Binty, in the course of its research, found that pharmaceutical companies overcharging consumers amounts to Rs 98 crores. The amount lying in “unclaimed deposits accounts” with the urban co-operative banks is Rs 19,294.23 lakh, while figures for State Bank of India & Associates stand at a whopping Rs 1,40,26,81,242.2. These figures relate to more than 10 years accumulation. In respect of 19 nationalised banks the figure for more than 10 years accumulation stands at Rs 6,95,47,87,668.96. The unclaimed deposits include current accounts, savings accounts, fixed deposits and other deposits. Private sector banks, Binty claimed, might also have similar un-refunded deposits with them. IDBI, HFDC & ICICI did not reveal figures, it said.

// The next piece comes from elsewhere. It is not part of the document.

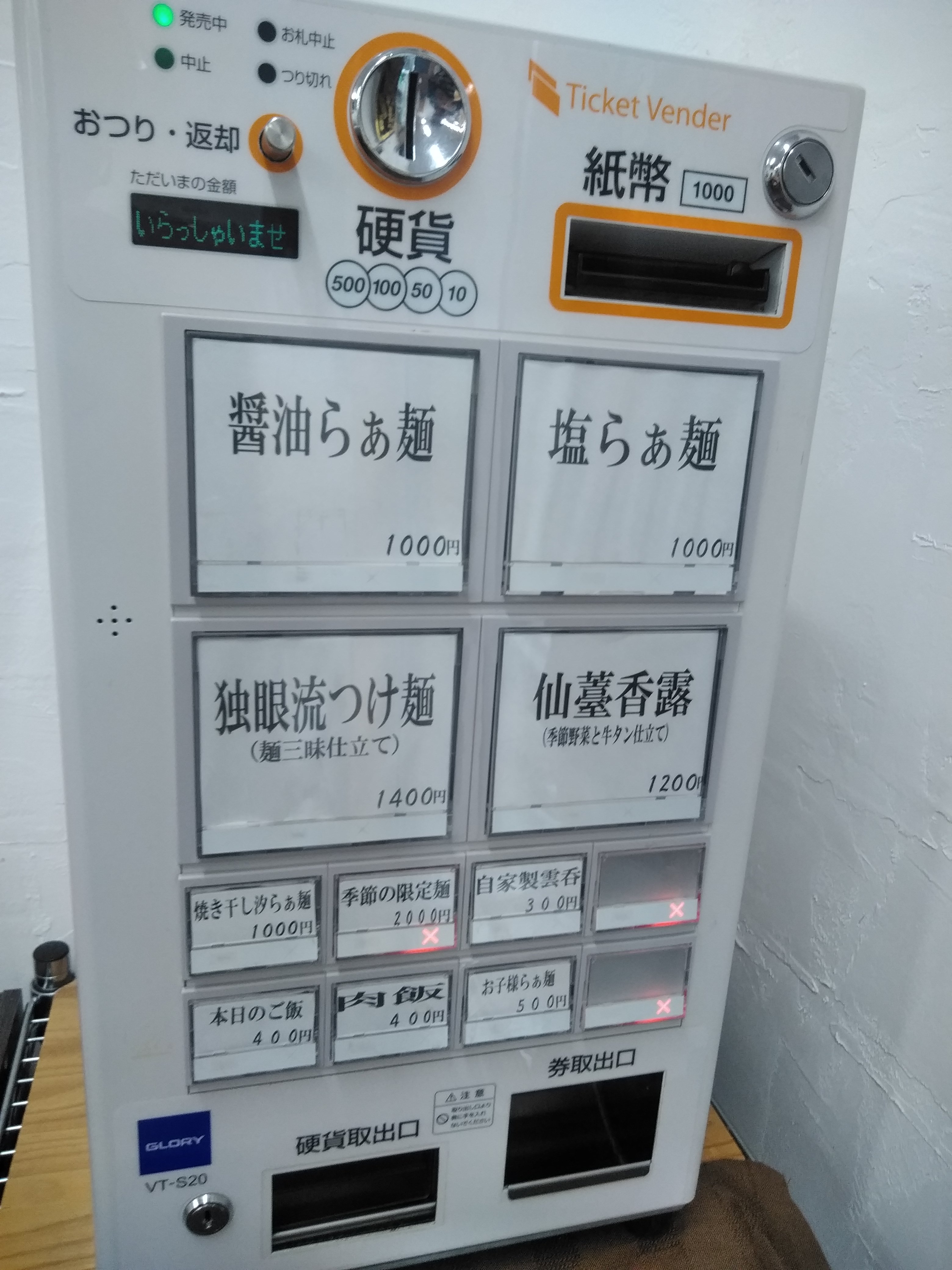 券売機で食券を購入します。季節の限定麺2000円はやってませんでした。2000円のラーメンとはどんなラーメンなんでしょうね?
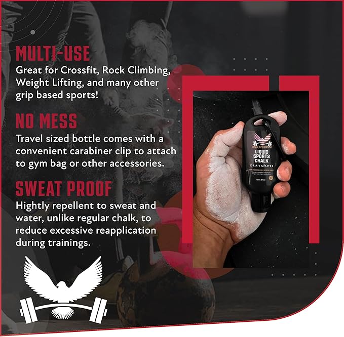 - Mess-Free Liquid Sports Chalk: Enjoy a strong, secure grip without the mess of powdered chalk. IRON AMERICAN Liquid Chalk provides superior grip protection against slips and moisture. Perfect for powerlifting, weightlifting, track and field, any grip based sports.

The insurance sector, life and general, is another area where consumers’ unclaimed deposits have been gathering dust. The exact figures are not yet available. However, in the case of Life Insurance Corporation, the amount quoted is more than Rs 500 crore, Mr Mathur has submitted before the court.

After an RTI enquiry in October 2006, the office of the Commissioner of Trade & Taxes, Delhi Government, informed Binty that since 1997-98 till 2006 (September)-2007 the total refundable amount stood at Rs 102.82 crore.

Binty has pleaded that since it is consumers’ money and cannot be reimbursed to individuals ~ as is the case with  excise duty under Central Excise Act, 1944, creating Consumer Welfare Fund ~ it would be appropriate to deploy it in a special fund, different from the existing Consumer Welfare Fund, created in the Ministry of Consumer Affairs, Food & Public Distribution.